The purpose of allocating manufacturing overhead is to determine unit costs and work in process.

As mentioned above, we cannot choose a criterion that would allow us to write off these expenses directly to the cost of a specific type of product. The solution to this problem is to select a cost factor (allocation base) that most closely matches the nature of the overhead costs of the production unit. For example, if the production process is dominated by the labor of workers, then it is advisable to use the man-hours of the main workers as the distribution base. If the manufacturing process is machine-dominated, then the machine hours of the production equipment should be used as the basis for allocating manufacturing overhead costs.

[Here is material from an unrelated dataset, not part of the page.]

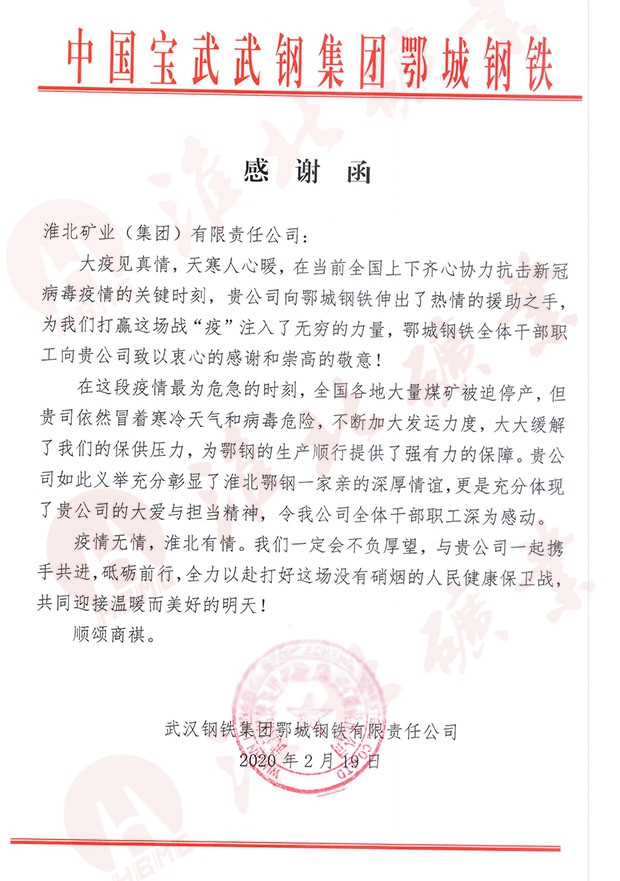 “大疫見真情,天寒人心暖,在當(dāng)前全國(guó)上下齊心協(xié)力抗擊新冠病毒疫情的關(guān)鍵時(shí)刻,貴公司向鄂城鋼鐵伸出了熱情的援助之手,為我們打贏這場(chǎng)戰(zhàn)‘疫’注入了無窮的力量,鄂城鋼鐵全體干部職工向貴公司致以衷心的感謝和崇高的敬意!”……連日來,淮北礦業(yè)集團(tuán)陸續(xù)收到武漢鄂城鋼鐵、山東鋼鐵、馬鞍山鋼鐵、南京鋼鐵、方大特鋼、蕪湖新興鑄管、中信泰富特鋼、湖南華菱鋼鐵八家企業(yè)的來信來函,感謝淮北礦業(yè)集團(tuán)在疫情防控期間給予他們強(qiáng)有力的精煤支持和保障。

In practice, the amount of direct labor costs or the number of units of production is also quite often used as the distribution base.

The commission distribution rate is calculated using the following formula:

PNR distribution rate =Manufacturing overhead
Distribution base

Which accounts should be used to record sales?

Accounting for transactions for the sale of goods and services of an organization is reflected in account 90 “Sales” of the chart of accounts (Order of the Ministry of Finance No. 94n dated October 31, 2000). Account 90 records transactions for the sale of inventory and materials and expenses directly related to the sale of goods and materials, as well as VAT accrued on these transactions. On the account 90 you can maintain both synthetic and analytical accounting. Analytics is carried out according to such parameters as the types of industrial and technical works being sold and the structural divisions of the organization.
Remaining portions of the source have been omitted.